3 Things I Always Keep on My Desk While Working from Home
I’m new to the work-from-home world. From the Before Times through most of the pandemic, my higher education nine-to-five took place on campus. Over the course of nine years, my career was centralized in our dean’s suite, where students with the most concerning problems would shuffle in and out of my office en route to our college’s administration. Our students kept me on my toes as I administered scholarships and hustled alumni for their generosity.
It’s easy to stay focused when a new, never-before-heard challenge is popping into your office every few hours, demanding attention and restructuring your priorities at the drop of a bookbag. But when I transitioned from my long stint in higher education to the fully-remote tech startup industry this past fall, I had no choice but to reprogram my brain.
Slowly, I started upgrading a nook in my partner’s and my home to serve as a real-life home office, a luxury I never thought I’d want or need. I chose a ’60s obsessive meets ’90s girl wall color, Sherwin Williams’ “Relentless Olive,” and had the walls painted. Above the velvet couch I bought on sale with one of my stimulus checks (Is this something we openly admit?) I curated a gallery wall. And my partner and I scoured Craigslist and Facebook Marketplace for the perfect used IKEA desk. All that was missing? Motivation.

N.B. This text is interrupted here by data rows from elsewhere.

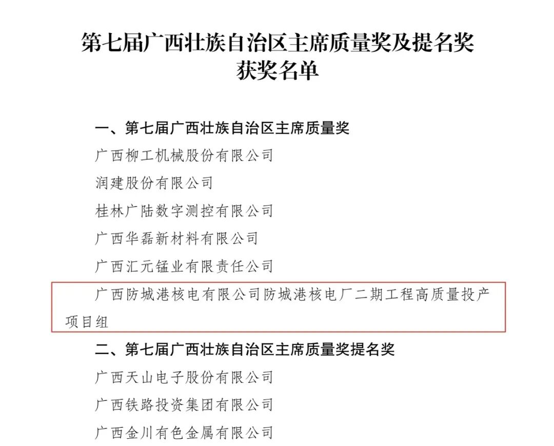 近日,广西壮族自治区人民政府公布第七届自治区主席质量奖及提名奖获奖名单,中广核防城港核电二期工程高质量投产项目组荣获第七届广西壮族自治区主席质量奖。这是防城港核电自2018年获得第四届自治区主席质量奖后,第二次获此殊荣。
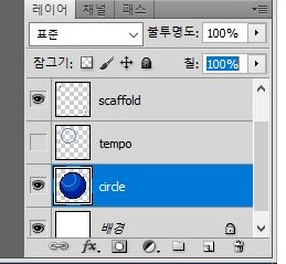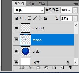 그리고 나서 이제 tempo라는 이 레이어를 안 보이도록 초지를 취해 주도록 합니다. 이렇게 하는 것으로 일단 다음 작업을 할 수 있을지 보도록 합니다.
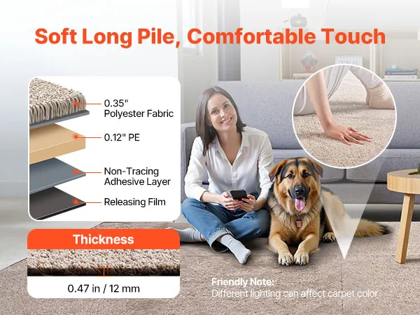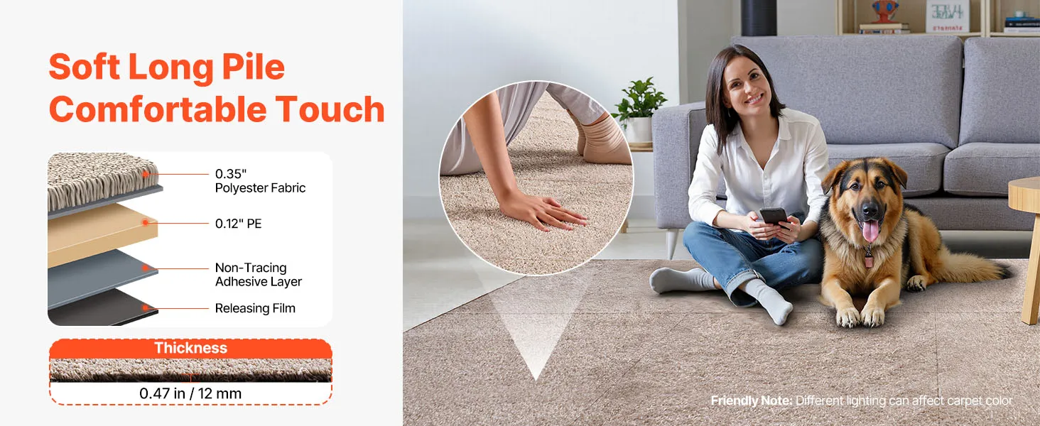 Soft & Comfortable: Each peel and stick carpet tile features a multi-layer construction. The 0.35 in thick plush surface paired with a 0.12 in high-density memory foam pad offers a soft, cushioned feel underfoot
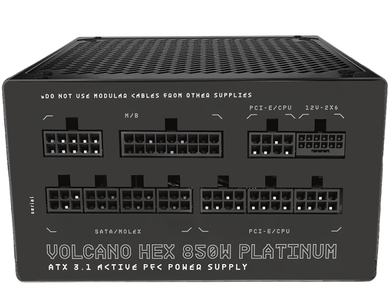 MODECOM Volcano Hex 850W Platinum ATX 3.1 to zaawansowany zasilacz stworzony z myślą o wymagających zestawach gamingowych. Moc 850 W w połączeniu z certyfikatem Cybenetics Platinum gwarantuje wysoką sprawność, stabilne napięcia i niezawodną pracę nawet pod dużym obciążeniem. To idealny wybór dla graczy i entuzjastów, którzy oczekują najwyższej jakości, bezpieczeństwa oraz pełnej kontroli nad wydajnością swojego komputera.
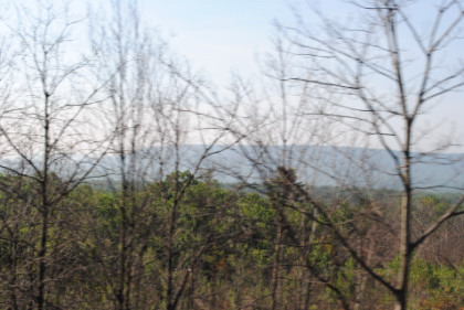 View of the ridge line through some trees as we start down the grade.

Onboarding at a new organization in a completely new-to-me industry was exhausting, not to mention the pandemic that continued to distract me from everyday life. I quickly realized that to remain on track and stay motivated to kick ass at work while keeping my post-work 5-9 p.m. life sacred, I had to cultivate good habits. For me, navigating my “daytime career” (why does “day job” feel so reductive?) requires three essentials for success. Below are my three secrets for the optimal work-from-home environment.
Daily To-Do Notepad for Focus and Productivity
As dedicated as I am to my Google Calendar, Apple Notes, and Notion organization systems, at the end of the day (really throughout the day) I rely on a notepad where I detail my daily tasks at hand. Right now, I’m using this Noted by Post-It notepad, which lets me record work tasks, morning/noon/night tasks, water consumption, and physical movement. Just like making flashcards for elementary math, writing down my daily tasks helps commit them to memory so I keep them top of mind. Plus, the rush of crossing off items and drinking all those glasses of water? Perfection.
Side-Hustle Business Cards for Motivation and Empowerment
In the Before Times, probably 20 minutes before the first Coronavirus case was documented in the United States, I paid my hard-earned U.S. dollars to have business cards made to promote and publicize my writing/producing/organizing side hustle. Cut to two years later and I’m a completely different person who never would have selected the aesthetic template background I did. But oh well!
Y’all, I keep those business cards front and center beside my keyboard and mouse on my desk. They’re an empowering reminder that I am more than my day career, and I have skills, interests, and motivation beyond the recruitment and coordinating that I conduct in talent acquisition Monday through Friday. Those business cards are my daily plus sign. I have a career and I write. I have a career and I produce comedy shows throughout Chicago. I have a career and for a small fee, I’ll organize the living heck out of your closet. It’s a pep talk at a glance.
Nostalgic Pops of Personality
My former office looked like a Spencer Gifts. Between the table fountain, lava lamp, random washi-taped Polaroids, and gifts from professors, I lacked a real connection with my daily surroundings. As it turns out, having a dedicated space at home that demonstrates a connection with my aesthetic has a positive impact on my mental health and motivation. Since there won’t ever be any clients — or, in my case, college freshmen — in my home office, I decided to turn up the dial on the personality on display.
Looking away from a Zoom meeting to see a picture of my girlfriends and I quarantining in a Michigan cabin during 2020 helps me power through the afternoon work funk. Storing office supplies in the hot pink cheetah print box of my youth (that once stored a makeup kit most likely purchased for me by my grandma at Kohl’s) is the antidote to a sterile work environment. And the IKEA shelves above my desk display my vintage Fisher Price Little People Tudor dollhouse and A-Frame Cabin. I don’t know what it is, but having these nostalgic treasures in my office just feels good. They make the one spot in my home that is completely mine feel just that. And bringing a sense of my fully-realized self to work every day helps me push through the daily grind.